A sunk cost is an economic term which basically means a past cost you’ve already incurred for something. Some examples of sunk costs include the down payment you paid for your house or car, money you paid for advertising for your business, or money you’ve stuck in the slot machines at a casino without any return.
Sunk Costs Should Not Factor Into Future Decision Making
Modern economic theory is fairly clear on the notion that sunk costs should not factor into any future decisions a rational person would make. This is a very simple, but very important concept to understand for everyone, including my bankruptcy clients.
Sunk Costs and Keeping Your House
How does this work? Take the common situation of a homeowner who made an $80,000 down payment on a $500,000 home. Presently, the home is worth $350,000 but there is still about $400,000 owed against it. The decision that needs to be made is whether to keep the property or not. There are many reasons to keep a house. There’s the fact that it’s a place to live, there’s tax benefits, there may even be sentimental value. But when making the decision as to whether it makes sense to keep it, the one thing that should not be factored in to the decision making process is the $80,000 down payment. Why? Because it’s gone. It is sunk. You can’t recover it. Ahh, but the value of the property could rise, say some of you. Very true, but whether the property rises in value or not has nothing to do with the $80,000 down payment that was already made. More importantly, as set forth below, using sunk costs will alter the value you perceive your other reasons for holding onto the property are worth, potentially destroying the accuracy of your decision.
The decision on whether to keep the property–weighing all relevant costs and benefits–should not include the original down payment.
Sunk Costs and Gambling
Look at a perhaps more common example. You’re in Las Vegas sitting at your favorite slot machine that you know is going to pay off eventually. So far you’ve plunked $500 worth of quarters into the one-armed bandit. Your friend or loved one comes by and says “hey, it’s time to go–we have tickets for a show.” You say, “I can’t leave now…I’m down $500 and if I leave now, I won’t be able to make it back up.” Huh? Do you see the fallacy in this reasoning? First, the odds of winning do not change after each pull of the handle (or these days, push of a button). Sorry to inform you, but that $500 is gone. But more importantly, the decision on whether to continue playing should have nothing to do with that $500. It should have to do with all the reasons one wants to gamble, such as hopes of winning, passing the time, getting “free” drinks, excitement, etc. But the $500 isn’t part of it. Not anymore–it’s gone.

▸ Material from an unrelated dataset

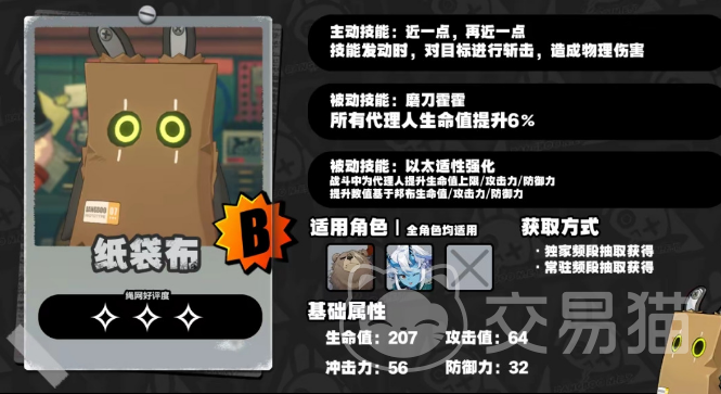 纸袋布还自带生命值加成的小福利。他的技能效果能让所有代理人的生命值提升6%,别小看这6%,在关键时刻它可能就是决定胜负的关键。而且这个加成效果还与纸袋布自身的属性息息相关,生命值加成,攻击力还有防御力越强,带来的加成也就越明显。这就像是给团队穿上了一层隐形的防护罩,让每个人都能在战场上更加精悍。

Using Sunk Costs in Decision Making Leads to Inaccurate Valuation of Options
Why is this important? In a famous experiment¹ done in 1968 two researchers sampled bettors at a horse race track, those who had already bet on a particular race, and those who had yet to place their bets–but were just about to (in line) for the same dollar amount. What they found was that those who had already placed their bets placed a much higher confidence level that their horse was going to win than those who had not yet (but were going to) place their bets. This is very significant because it shows that we human beings have a tendency to compensate for losses in our minds and this can adversely impact the values we assign to things on which we base our future decisions. Decisions should be made “at the margin” (another economic term) based on the current or anticipated costs and benefits. Using sunk costs in that equation will tilt the results, sometimes substantially.

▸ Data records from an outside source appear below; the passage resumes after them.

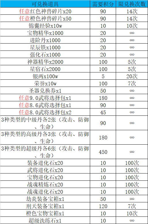 4、部分道具在一个结算周内有限制兑换次数,∞为不限制兑换次数;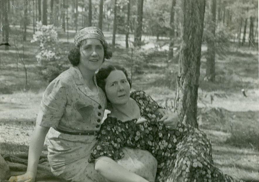 Tvær konur í skóglendi, Aðalbjörg Sigurðardóttir hægra megin og Unnur Thoroddsen vinstra megin.
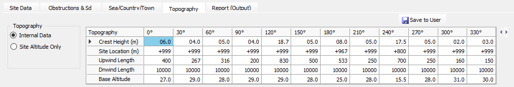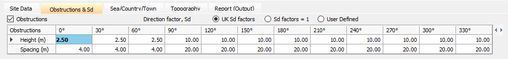 If there are obstructions in the vicinity of the structure being examined, these can be taken into account by specifying the height of and distance to the obstructions at intervals of 30 degrees around the building. These are normally automatically entered from the in-built database, but can be overridden if desired.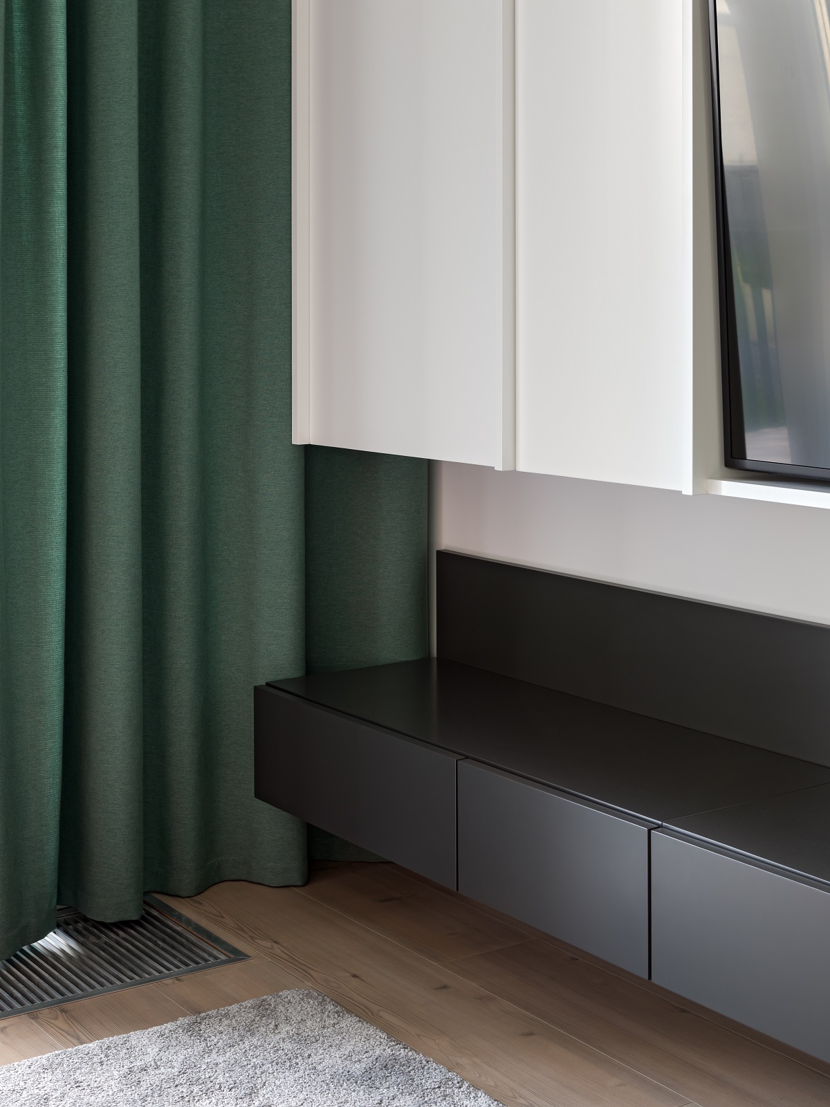– Прихожая небольшая, поэтому такой прием очень удобен: под шкафчики можно спрятать банкетку и обувь, чтобы они не мешали. Там же сделали розетку для робота-пылесоса.

Impact Related to Bankruptcy
My bankruptcy clients have many decisions to make, both prior to and after filing bankruptcy. They have to decide whether filing bankruptcy is their best option, or perhaps some alternative would be better, such as debt consolidation, creditor negotiations, etc. After filing a bankruptcy, they may face many more decisions, such as whether it makes sense to keep their house, cars, or other assets. When making those decision, the guidance of an experienced bankruptcy attorney is important, but you will go a long way if you eliminate sunk costs from your decision making process altogether.